#### Dataset records:
--------------------
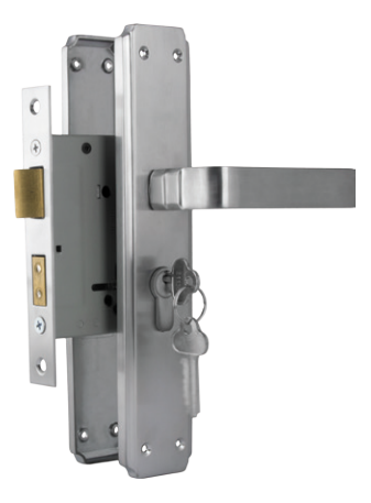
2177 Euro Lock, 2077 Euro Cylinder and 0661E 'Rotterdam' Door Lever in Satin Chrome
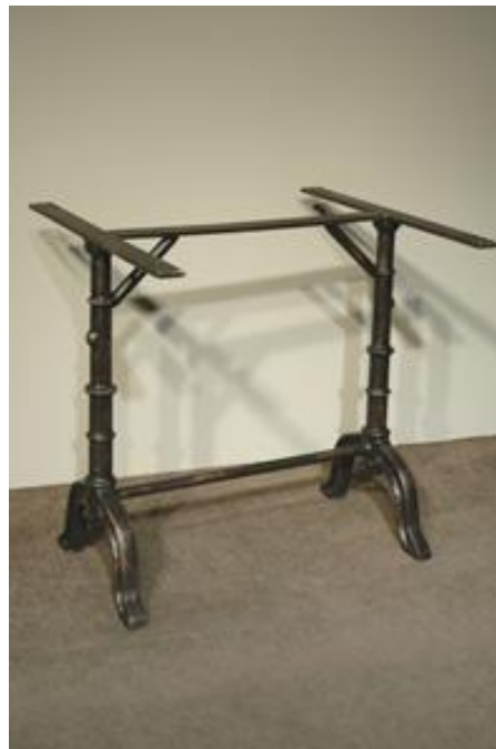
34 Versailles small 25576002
--------------------
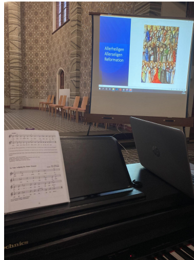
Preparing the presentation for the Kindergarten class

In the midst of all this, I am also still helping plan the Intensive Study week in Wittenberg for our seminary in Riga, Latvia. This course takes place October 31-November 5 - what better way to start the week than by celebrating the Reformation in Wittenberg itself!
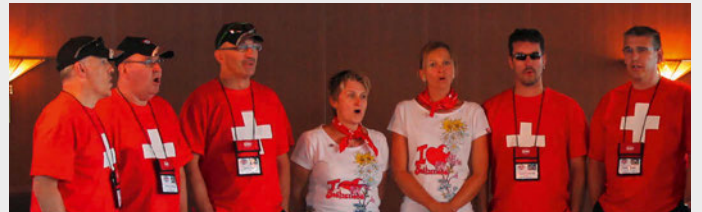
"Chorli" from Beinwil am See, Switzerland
--------------------
Transcribe, exactly and without pictures, everything in the data from the line with "In the midst" down to the line with "am See, Switzerland", both included.

#### Worked solution:
In the midst of all this, I am also still helping plan the Intensive Study week in Wittenberg for our seminary in Riga, Latvia. This course takes place October 31-November 5 - what better way to start the week than by celebrating the Reformation in Wittenberg itself!
"Chorli" from Beinwil am See, Switzerland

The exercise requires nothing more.